Task goal ▸ Span requested from the data below: the line with "Ring with tourmaline" through the line with "Пижамный топ Woof", both included. Give only these lines again, exactly, and leave every picture out.
Material for the task START
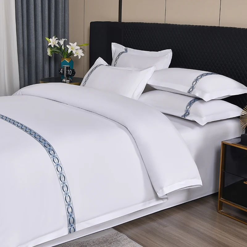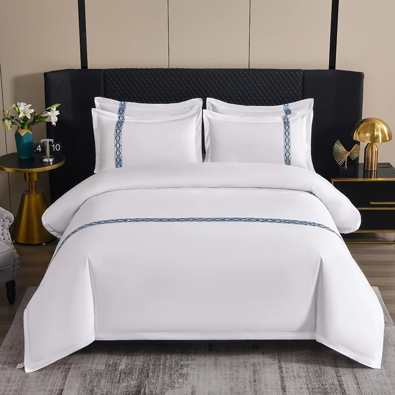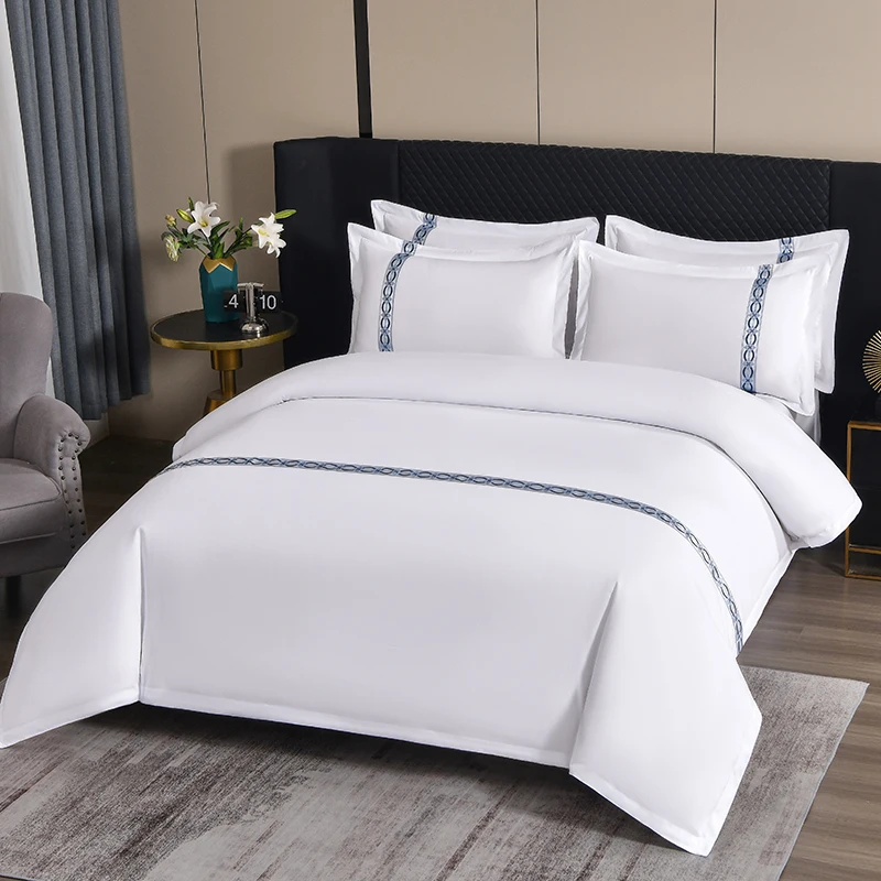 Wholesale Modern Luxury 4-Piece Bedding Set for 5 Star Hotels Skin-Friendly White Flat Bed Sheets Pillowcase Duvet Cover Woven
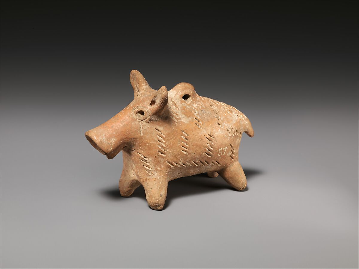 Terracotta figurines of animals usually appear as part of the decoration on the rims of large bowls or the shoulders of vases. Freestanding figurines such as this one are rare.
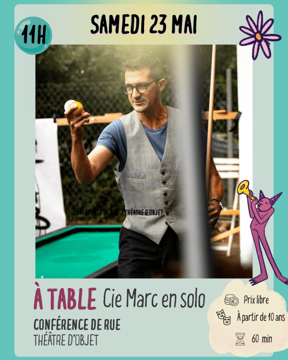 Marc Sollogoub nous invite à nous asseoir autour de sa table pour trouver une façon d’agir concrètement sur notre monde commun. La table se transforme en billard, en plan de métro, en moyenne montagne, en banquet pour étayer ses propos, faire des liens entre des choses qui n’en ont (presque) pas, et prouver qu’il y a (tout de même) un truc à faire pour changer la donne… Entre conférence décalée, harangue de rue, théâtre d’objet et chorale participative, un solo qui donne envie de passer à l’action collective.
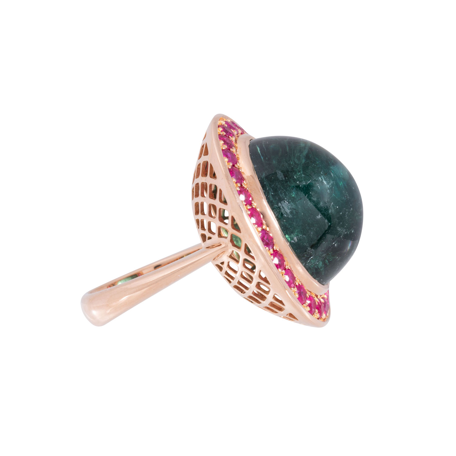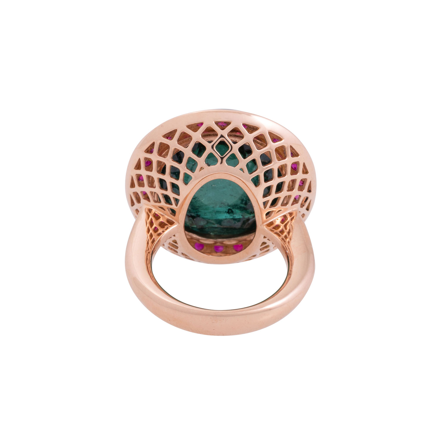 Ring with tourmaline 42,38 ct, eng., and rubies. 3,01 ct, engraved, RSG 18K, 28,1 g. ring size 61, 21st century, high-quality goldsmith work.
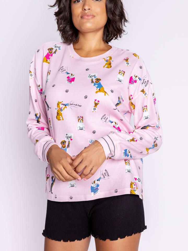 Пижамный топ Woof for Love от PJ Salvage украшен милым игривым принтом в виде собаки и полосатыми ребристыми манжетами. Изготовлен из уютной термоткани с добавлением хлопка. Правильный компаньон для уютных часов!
Material for the task END
Material for the task START
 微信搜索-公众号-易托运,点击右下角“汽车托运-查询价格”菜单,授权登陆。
Material for the task END
Solution for this problem ▸
 Ring with tourmaline 42,38 ct, eng., and rubies. 3,01 ct, engraved, RSG 18K, 28,1 g. ring size 61, 21st century, high-quality goldsmith work.
 Пижамный топ Woof for Love от PJ Salvage украшен милым игривым принтом в виде собаки и полосатыми ребристыми манжетами. Изготовлен из уютной термоткани с добавлением хлопка. Правильный компаньон для уютных часов!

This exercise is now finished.